O crescente medo pela sinceridade
em nosso relacionamento social








            O que será que está mudando nesta nossa moderna sociedade de consumo? O brasileiro, de uns tempos para cá, vem deixando de cantar no chuveiro? Durante milênios o homem acostumou-se a unir o seu idioma com o ritmo da música. Foi a cultura do consumo e do vencer na vida que determinou que o hábito de cantar não servia. A maioria das pessoas – por medo de ser chamadas de “sonhadoras ou bobas” – perderam sua consciência intuitiva. Distanciaram cada vez mais de nossa origem”. Por outro lado, minha gente, cantar exige profundas técnicas. Poucos têm o dom. Poucos percebem o tom certo. Como interpretar dentro do ritmo da canção?

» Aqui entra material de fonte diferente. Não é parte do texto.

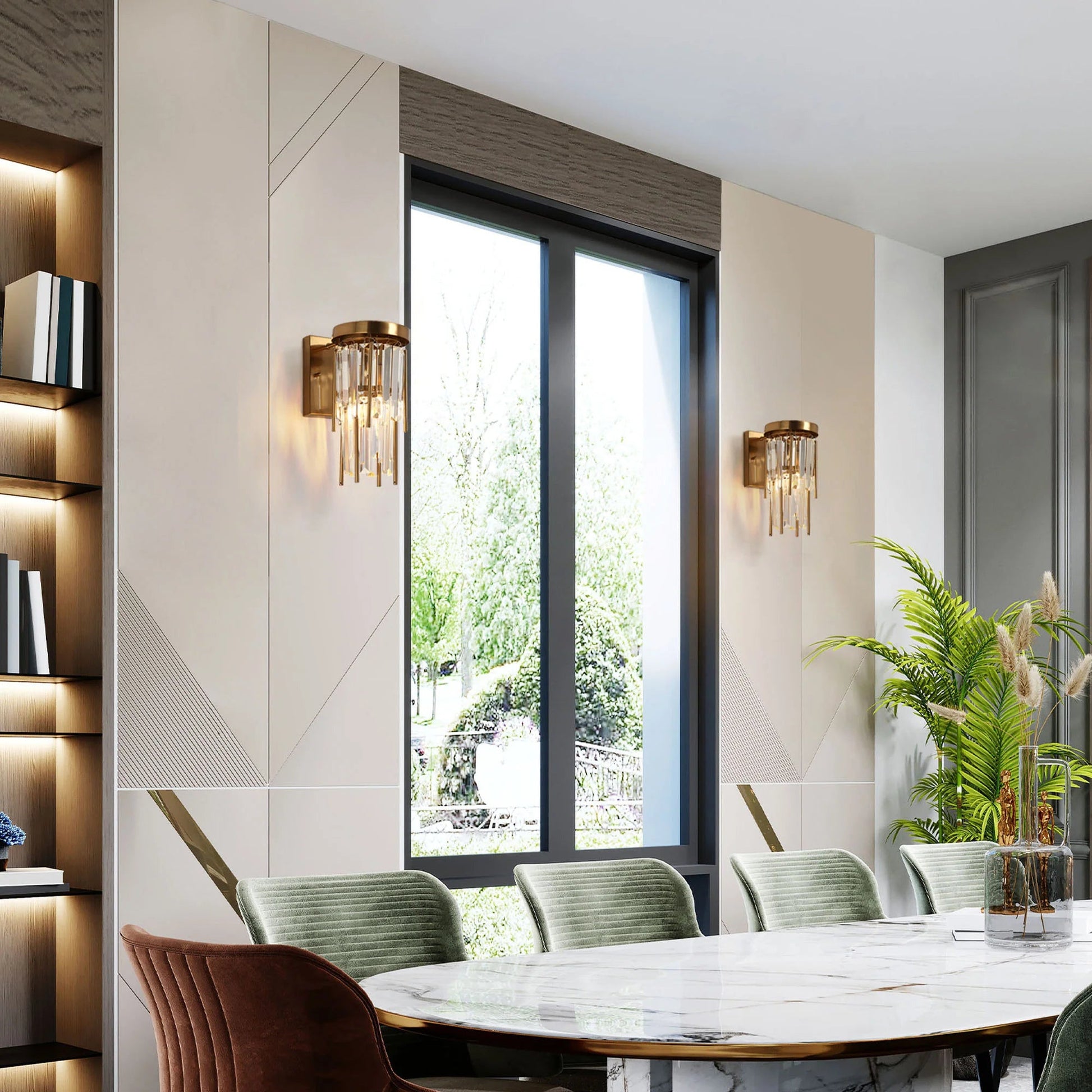 • Glamorous Design: The Athean sconce boasts a captivating design with cascading crystals and a sleek brass finish, making it a statement piece in any room.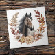 Ett vackert porträtt av en brun gräsullahäst med vit blaze placeras i mitten av en söt höstandekrans i toner av kanelbrunt, brunt och grädde. Utformningen av häst och andedräkt placeras på en vit bakgrund.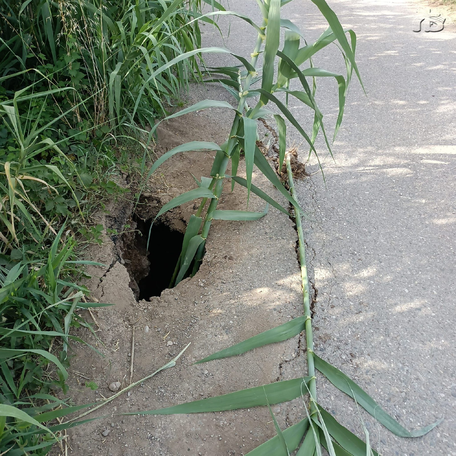 Aquest es va produir a causa de l'enfonsament d'un canal de reg, en el qual s'ha fet un forat a causa de les filtracions d'una canonada. La paeria instal·larà ara un nou conducte i compactarà tota la zona.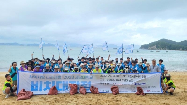 [금요저널] 경남대학교 총학생회가 주관하고 경상남도자원봉사센터와 4개 기업이 후원하는 ‘v-캠퍼스 경남대봉사단’의 비치국토대장정이 21일부터 25일까지 남해군에서 열렸다.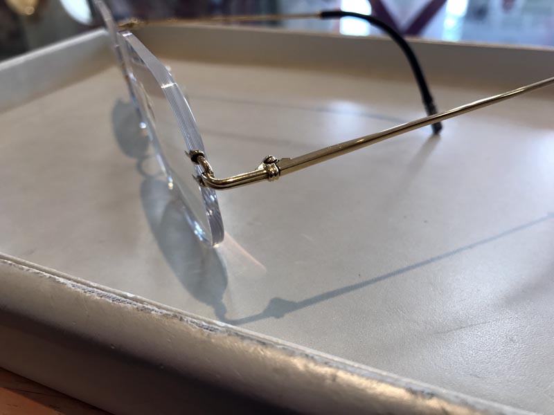 フチナシメガネは一般的にはレンズに穴を開け、レンズをボルトネジとナットで挟み込んでフレームに固定する構造になっています。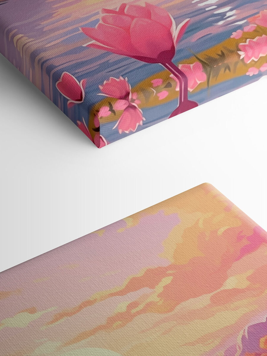 Stel je voor dat je een ruimte binnenloopt en begroet wordt door een prachtig uitzicht van roze bloemen die dansen naast een rustig meer. Deze canvasprint vangt dat perfecte moment waar natuur en kunst elkaar ontmoeten en nodigt uit tot een gevoel van kalmte en vreugde. De zachte tinten van een zonsondergang schilderen de lucht en weerspiegelen op magische wijze op het water. Het is alsof je een stukje paradijs in huis haalt. Perfect voor een gezellig leeshoekje of zelfs boven een eettafel, dit stuk wekt dagdromen en vredige vibes op. Het is meer dan een decorstuk; het is een stukje sereniteit aan je muur. Iedere keer als je er een blik op werpt, word je overspoeld door een golf van rust. Dat is het waard om te onthouden.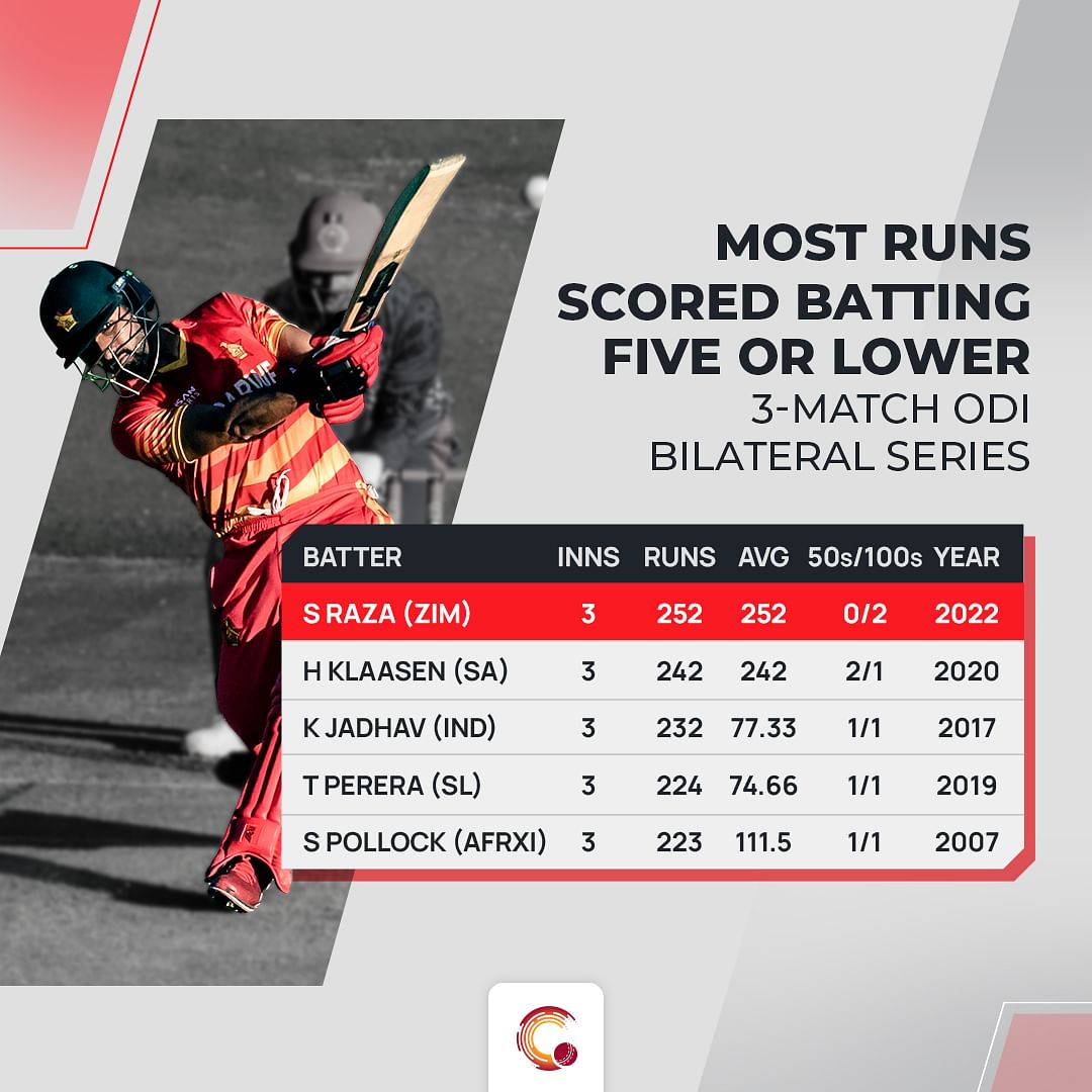 Sikandar Raza led from the front in the Qualifiers and in the white-ball series against Bangladesh that followed, Raza was at his best once again with the bat and then played the holding role with the ball to perfection as well. He led Zimbabwe’s stiff chase in the first couple of games, stitched huge match-winning partnerships with Regis Chakabva and Innocent Kaia.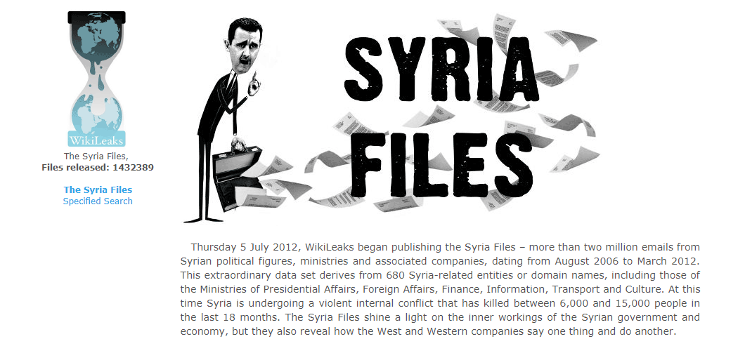 في يوليو 2012، بدأت "ويكيليكس" نشر أكثر من مليوني رسالة إلكترونية، عبارة عن مراسلات ترجع تواريخها للفترة من أغسطس 2008 إلى مارس 2012، بين أجهزة مختلفة في الحكومة السورية منها وزارات شؤون الرئاسة، والشؤون الخارجية، والمالية، والإعلام، والنقل والثقافة، وبين شركات وجهات دولية بينها موقع فيسبوك. وكشف الأخير خلال هذه المراسلات عن تفاصيل أنشطة مستخدميه في سوريا، مثل تسجيل أحدهم الدخول من مكان ما، وأحدهم تلقى طلب صداقة، وآخر تلقى رسالة.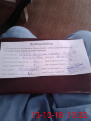 | Attendance Register | Head Teacher | MEA with School | Visit Proof |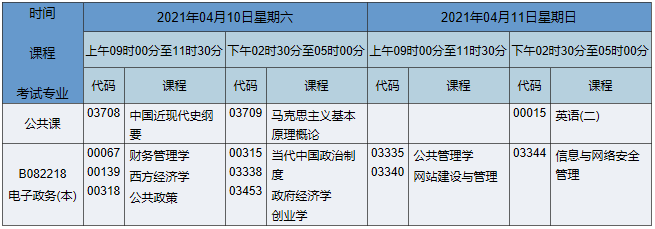 2021年4月湖南自考本科行政管理(原電子政務)專業考試時間為2021年4月10日-11日,2021年4月湖南自考本科行政管理(原電子政務)專業課程安排如下: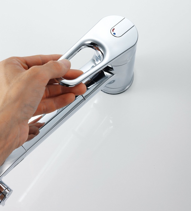 またキッチン・洗面用の水栓金具は、約9割を「エコハンドル水栓」に拡充する。従来のシングルレバー水栓はレバーハンドル正面の位置でもお湯が出るため、無意識にムダなお湯を使ってしまうことがあった。これに対し「エコハンドル水栓」は、ハンドル正面の位置で「水」を出す省エネ設計を採用。従来比約30%の省エネを実現する。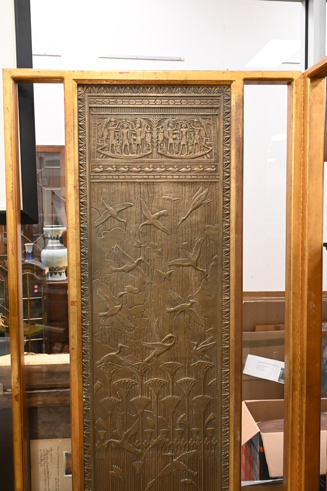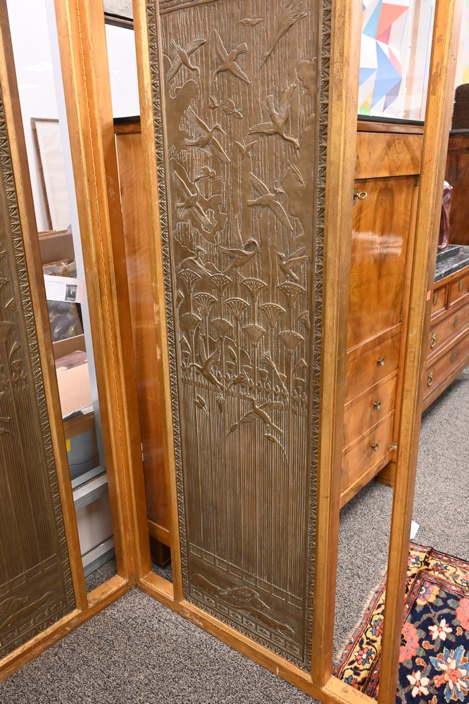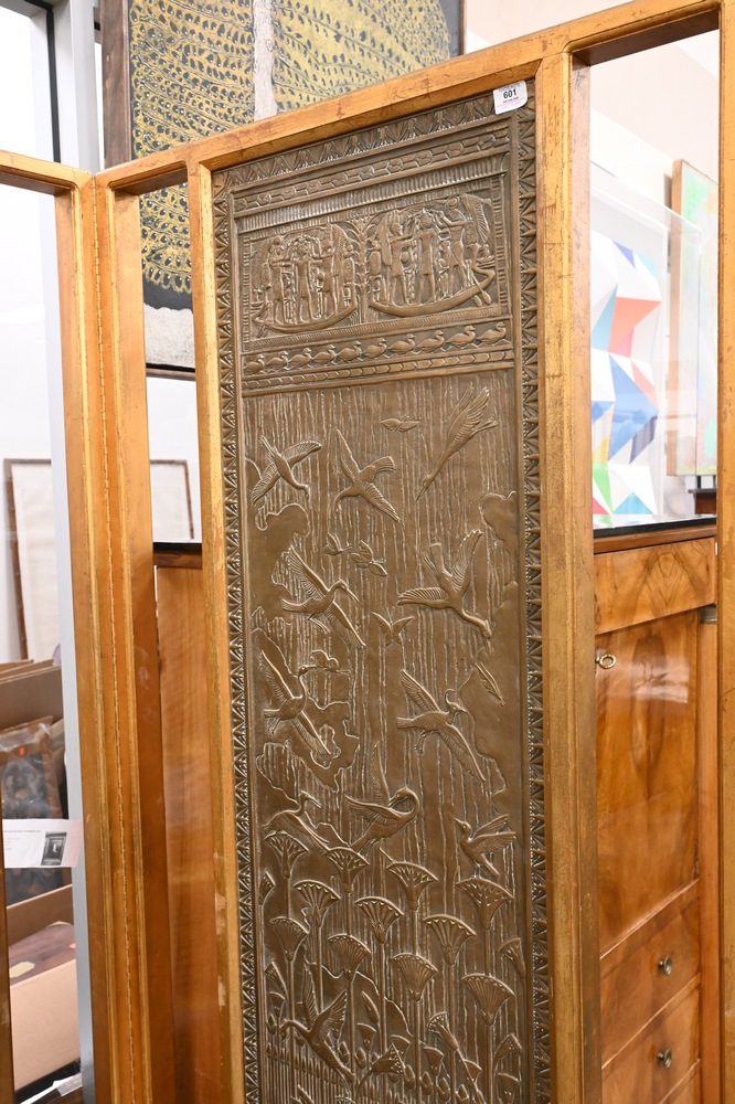 Lot 601: Pair of Large Art Deco Bronze Panels, made into a two fold screen, having Egyptian style relief depicting figures over flying cranes…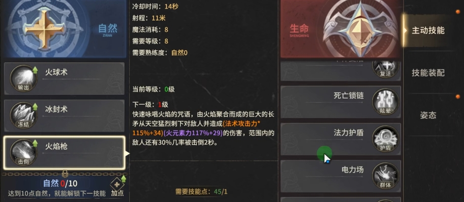 需特别注意技能栏位限制与资源分配策略:角色同时可携带技能数量有限,应根据当前副本类型与队伍配置动态调整技能池。前期集中加点于高频使用技能(如火球术、冰霜星星、雷电术),暂缓非核心被动或低频辅助技能的投入。技能冷却管理亦需结合走位节奏优化,确保关键控制与爆发技能在团战关键节点准时可用。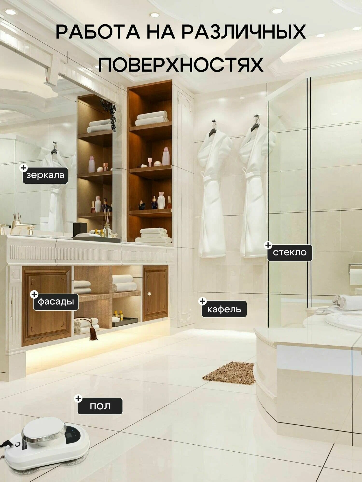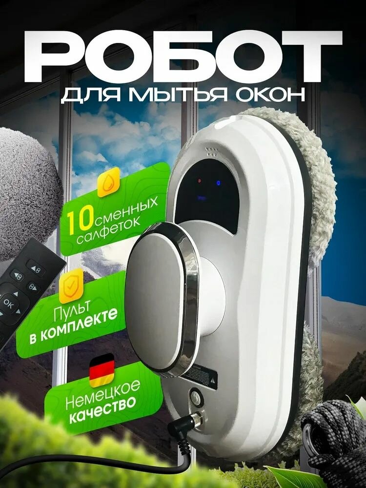 Робот мойщик окон +салфеток из микрофибры 10 штук, Робот для мойки окон и стекол, Бело интересное: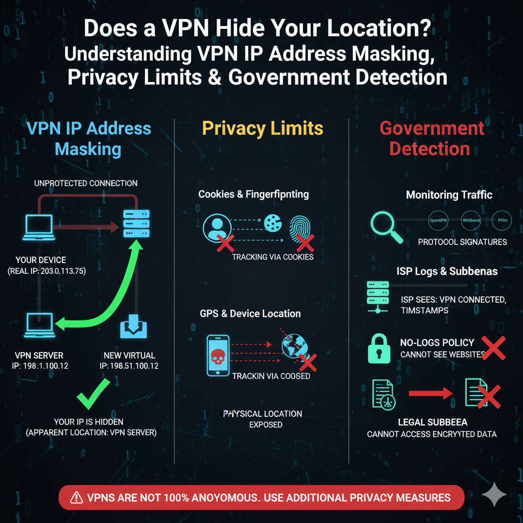 How VPNs Hide Your Location Your IP address is a unique identifier assigned by your internet service provider (ISP). It contains information about your approximate geographic location, such as the

            O mundo hoje está mais complexo e as gerações atuais sem tantas esperanças. O clima é completamente diferente: as pessoas estão muito interessadas em se estruturar do que em se expressar. Uma das principais modificações foi o crescente medo pela sinceridade em nosso relacionamento social e, consequentemente, a aceitação da mentira, da representação hipócrita, como norma natural de conduta na sociedade. Parecem códigos quase indecifráveis. Ficamos coniventes e egoístas, usando uma linguagem concisa e cheia de onomatopeias, como das histórias em quadrinhos.
            Talvez seja apenas medo, mas, simplesmente, que parte dos brasileiros ouve a música “dor-de-corno” ingerindo bebidas e drogas químicas como escapismo de uma existência vazia, para suprir suas frustrações, ou cheios de si? Como reflexo, o crescente aumento de pacientes com distúrbios emocionais nos hospitais psiquiátricos, uma das causas da baixa autoestima se refere à queda do padrão social aliada à depressão aguda. É em nível do sertanejo universitário que artistas fazem da “dor-de-cotovelo” não apenas o tema de sua decepção, mas, também, a essência da criação. Não se deixam aprisionar na teia de seus sentimentos: antes fazem de seu canto o universo onde pulsam de forma a poderem ser reconhecidos pelos que os ouvem. A observação do cotidiano permite constatar esses opostos, sobretudo nas manifestações artísticas (como o samba-canção, o bolero, o tango e o sertanejo universitário atual). É comum dizer-se do indivíduo que ama e se vê correspondido como ele se torna mais pleno de possibilidades, como se sente estimulado em sua capacidade criadora; e, por outro lado, como se sente empobrecido, carente, quando se vê frustrado em sua ambição amorosa.
            Assim influenciados, os fruidores do gênero “fossa” são bloqueados, em sua própria capacidade interpretativa, a evocarem suas experiências e advogarem a causa do amor plural. A música dor-de-cotovelo mergulha os homens nos tormentos do inferno, na derrota ou morte. Sempre que pensamos numa canção de amor frustrado, supomos alguém enamorado e que um agente se interpôs entre ele e o objeto de seu amor. Colocamo-nos, habitualmente, no lugar do amante para quem, mesmo que seja a pessoa amada que promoveu a decepção, essa atitude é totalmente alheia (e adversa) a seu sentimento. Tem como único efeito deixá-lo em estado de carência afetiva.